La crise de 1929 est une crise d’organisation du monde. La première mondialisation, qui couvre le dernier tiers du XIXe siècle, reposait sur une forme bien particulière de structuration de l’espace. Vaste zone de libre-échange, sans doute, mais fortement rassemblée autour d’un pays, le Royaume-Uni (tout à la fois première puissance économique, commerciale, financière, politique), une zone nettement partagée en centre et périphérie, disposant d’une monnaie, sinon unique, en tous les cas commune, sous la forme de l’étalon-or.

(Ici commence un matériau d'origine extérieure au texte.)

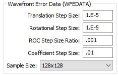 当前的功能允许用户通过链接到光学分析模型或先前生成的线性光学模型文件来计算波前误差,现已扩展为包括与Code V版本10.6或更高版本一起使用。均支持通过法向或轴向下垂变形方向表征表面误差。表面类型目前仅限于没有非球面项的圆锥表面。支持链接到.len或.seq文件。有关更多详细信息,请参见SigFit参考手册的5.20.3节或教程示例3。

Vers la fin du XIXe siècle ce dispositif se rompt. L’ancienne organisation du monde est brisée par une double émergence, celle, sur le nouveau monde, des Etats-Unis, et celle, sur l’ancien, de l’Allemagne. En 1880, les produits manufacturés ne représentaient que 11 % du total des exportations américaines. En 1925-29, les Etats-Unis créent près de la moitié de la production industrielle mondiale (URSS exclue). Tard partie, l’Allemagne met les bouchées doubles : en 1913, elle devance le Royaume-Uni et son produit est alors, selon les estimations, de 60 % ou 80 % supérieur à celui de la France.
Il y a donc deux crises dans la grande crise, car il y a deux crises de l’émergence : l'une, au niveau mondial, qui met surtout en jeu les rapports Etats-Unis / Royaume-Uni ; l'autre, au niveau européen, qui situe surtout l'Allemagne face à la France. Ces deux crises s’entretiennent l’une l’autre, mais ont chacune leurs propres racines, et sans ce doublon il n’est guère possible de comprendre la gravité de la grande dépression. Il ne s’agit pas d’un cercle, mais d’une ellipse, à deux foyers, Etats-Unis et Allemagne. Le Royaume-Uni fait en quelque sorte la navette entre les deux, déjà trop affaibli sur la scène internationale par la puissance montante américaine pour pouvoir maintenir son ancienne fonction régulatrice sur la scène européenne. Nous sommes dans un entre-deux : l’Angleterre ne peut plus exercer son ancien rôle, les Etats-Unis ne le peuvent pas encore.
Crise de l’émergence américaine, la crise de 1929 l’est à un double titre, à la fois sur le plan intérieur américain et sur le plan international. De la même façon qu’une île surgie du fond de l’océan, montant à toute allure à la surface, sera, d’une part, en équilibre intérieur instable et va, d’autre part, lever une vague qui ira balayer les continents déjà établis.
Sur le premier de ces plans, on peut interpréter la grande crise américaine de 1929 comme celle générée par le passage brutal d’un monde de petits producteurs à celui du salariat. Au cours du dernier tiers du XIXe siècle, il y avait déjà de nombreuses crises économiques éclatant à l'est du territoire des Etats-Unis. Mais elles étaient amorties par l’hétérogénéité du milieu économique américain, qui combinait sociétés et entrepreneurs individuels, salariés et paysans, petite et grande production. Le recul des formes d'activité relevant de la petite production a été particulièrement rapide, à la jonction des XIXe et XXe siècles, ce qui s’explique probablement par la fin de la frontière*, survenue au même moment. En 1880, un peu plus de la moitié de la population active travaillait dans l'agriculture ; en 1930, à peine plus du cinquième.
Ce bond en avant de l’espace couvert par les sociétés et le salariat a brutalement réduit la diversité de l’espace économique américain, l’homogénéisant, ouvrant la voie à la grande dépression. L’émergence américaine aura joué également un rôle décisif au plan international. C’est ainsi que s’explique la chute de la livre en septembre 1931, la banque d’Angleterre s’avérant incapable d’attirer les capitaux nécessaires, car New York et le dollar occupent désormais la première place.
Double émergence, avons-nous dit, celle des Etats-Unis mais aussi celle de l’Allemagne. Guerre en quelque sorte inachevée, le premier conflit mondial a posé le problème de l'émergence allemande en Europe mais ne lui a pas donné de réponse, a débouché sur un traité de paix qui n'était qu'un armistice et fait des années 1920 la prolongation de la guerre par d'autres moyens.
C’est dans ce cadre que l’on peut comprendre l’hyperinflation allemande, les profonds déséquilibres structurels qui lui ont fait suite, et enfin l’explosion d’un extraordinaire matériel inflammable dans la grande crise bancaire allemande de 1931. Les deux crises d'hégémonie, européenne et mondiale ont aussi entremêlé leurs effets.
Ainsi la question des réparations a littéralement empoisonné les relations franco-allemandes ; s’y est ajoutée celle des dettes de guerre (opposant les Etats-Unis à leurs alliés), et les deux dossiers, intimement liés, ont représenté un obstacle essentiel sur la voie du redressement.